- У меня есть одно единственное условие: эти деньги должны пойти
только на детское лечение, больше ни на что. Это не прихоть, это
мое понимание справедливости. Я не могу настаивать, конечно, и от
меня ровным счетом ничего не зависит сейчас, но я прошу вас
прислушаться к моей просьбе. Марка опасна, но в этом случае… в
вашем случае даже самый большой риск оправдан, я только недавно
осознала всю степень вашего отчаянья. Я понимаю, что это будет,
наверное, единственная возможность полностью вылечить Сашу. Я сама
буду рада, просто счастлива, если вы избавите меня от этой… опасной
штуки. И совершенно не нужного мне беспокойства… - говорю и говорю
я, потому что боюсь тишины между нами, боюсь, что у меня останутся
секунды «на подумать» и глубоко осознать происходящее, что я
позорно сорвусь в истерику, как тогда – дома. Что у меня сердце
остановится!
- Катя… - зачем-то тихо шепчет он.
- Больше вообще говорить не о чем, – не выдерживаю я напряжения.

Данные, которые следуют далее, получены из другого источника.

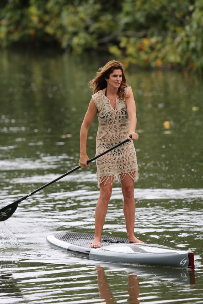 Υπήρξε η γυναίκα σύμβολο στον κόσμο της μόδας και την ακολουθεί πιστά όχι μόνο στην εμφάνιση αλλά και στα αθλήματα που επιλέγει για να γυμναστεί. Έτσι η Cindy Crawford που επέλεξε για τις διακοπές της τη Χαβάη, έκανε ταυτόχρονα γυμναστική επιδιδόμενη στο άθλημα stand up paddle.

В ушах шумит и немыслимо сильно хочется покончить со всем этим. А
потом спрятаться, чтобы никого не видеть и не слышать, и долго
молчать, но сейчас я подвожу итог: - Я и моя семья осознанно и
совершенно добровольно отдаем марку вам, а вы этим
оказываете мне большую услугу, можно сказать – спасаете меня. Когда
мы с вами… когда я смогу сделать это?
Он почему-то молчит, молчу и я, смотреть на него все так же не
могу. Оборвалось что-то и пусто… пусто внутри. Эти молчаливые
секунды упали-таки между нами, как топор палача. Вот же какое
образное выражение - не в бровь, а в глаз, как говорится. Не
тяжело, не обидно и не страшно – пусто… Даже в ушах уже не шум, а
тонкий звон или свист, будто сквозняк в пустом покинутом доме без
окон.
- Чем скорее – тем лучше, - доносится до меня его голос, как
сквозь вату, - тогда я спокойно отпущу вас домой. Катя... моя
благодарность вам…
- Не нужно благодарностей, не нужно соблюдать эту… видимость
приличий – мы тут одни.
- Ну почему – видимость? Я говорю правду.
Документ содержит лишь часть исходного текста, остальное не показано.